Für unsere Großeltern schien die Arbeitswelt noch einigermaßen übersichtlich: Mit der eigenen Hände Arbeit entstanden Produkte, die sinnlich, haptisch fassbar waren. Arbeit war materielle Arbeit, war Arbeit an der Materie, egal ob Holz, Kunststoff, Keramik, Stahl, Metall, Brot oder die Pflege eines Menschen. Es gab im Guten eine direkte nahe Beziehung zwischen Mensch und Arbeitsergebnis. Der Mensch konnte das Arbeitsergebnis berühren. Daraus zog der arbeitende und sich vergegenständlichende Mensch sein Selbstbewusstsein, seine Identität, sein Selbstverständnis. Berufsbezeichnungen orientierten sich an der zu verarbeitenden Materie. Als Kennzeichen der Zukunft der Arbeit galt die Materie.
Viele Jahrzehnte später und nach mehr als dreißig Jahren Digitalisierung müssen wir heute von der Annahme ausgehen, dass in einer vergleichsweise kurzen, überschaubaren Zeit von nur wenigen Jahren sich ein struktureller Umbruch in allen arbeitsweltlichen Bereichen vollzieht. Die direkte sinnliche Beziehung von arbeitendem Mensch und Arbeitsprodukt nimmt tendenziell ab. Zwischen Mensch und Produkt schieben sich eine oder mehrere digital-virtuelle Plattformen. Ohne den Zugang zu einer Plattform wird bald der direkte Zugriff zu dem zu leistenden Arbeitsauftrag kaum mehr möglich sein. Die Fähigkeit, sich auf und in Plattformen bewegen zu können, entscheidet zunehmend über die Möglichkeit des Zugangs zur Arbeit. Die Zugänglichkeit der Plattform regelt immer mehr die Zugänglichkeit zur physischen Arbeit.

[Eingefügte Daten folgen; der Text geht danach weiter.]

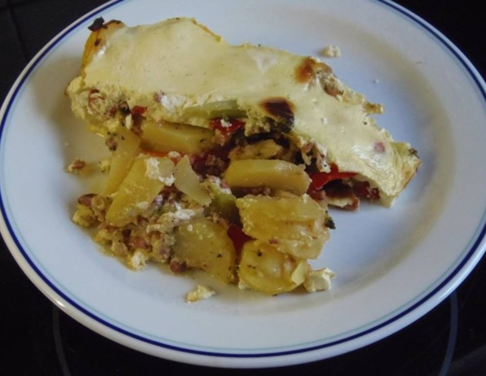 - Topfen mit Sauerrahm und den Eiern verrühren und über die Kartoffelmasse gießen. Die Kartoffel-Speck-Pfanne im vorgeheizten Backrohr bei 175 ° etwa 20 Minuten backen.

Menschen, die dem Hand-Werken verbunden sind und vor allem über intuitives Erfahrungswissen verfügen im Sinne eines „Gedächtnisses der Hände“ (Schröter), werden gedrängt werden, sich verstärkt dem Kopf-Werken zuwenden zu müssen. Der Grad der Abstraktion und Komplexität nimmt für jede/n deutlich zu. Ob mobile Pflege oder Werken in der Fertigung, ob Verpackungskraft oder Stuckateur, der Umgang mit dem Display und das Verstehen-Können, was „hinter“ dem Display geschieht, verändert das Selbstwertgefühl.

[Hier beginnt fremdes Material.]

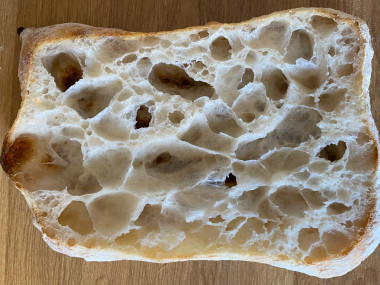Чиабатта.. что может быть вкуснее этого хлеба?? Нежнейшая и безумная структура мякиша, как произведение искусства.. Тонкая и хрустящая корочка с ароматом оливкового масла, завораживает.. Это самый сложный, но в тоже время увлекательный процесс приготовления, а чем выше гидротация теста, тем интереснее вкус и прекрасней мякиш..

Für viele wird sich dieses technische Hemmnis zu einer sozialen und qualifikatorischen Barriere entwickeln. Herausforderungen in der beruflichen Bildung und Weiterbildung werden demnach nicht nur eine neue fachliche Anforderung darstellen. Vielmehr wird die grundsätzliche Befähigung, mit abstrakten Abläufen und Prozessen auf den Plattformen nachvollziehbar umgehen zu können, zu einer Erweiterung unserer Schlüsselqualifikationen führen müssen. Der Umgang mit nicht-materieller Arbeit, das Verständnis dieses Typs von Arbeit und der Erwerb von „Komplexitätskompetenz“ (Schröter) werden zu zentralen Erfolgskriterien kommender Erwerbsbiografien. Das materielle Werken folgt den digitalen Vorgaben. Die Zukunft der Arbeit wird im virtuellen Raum entschieden.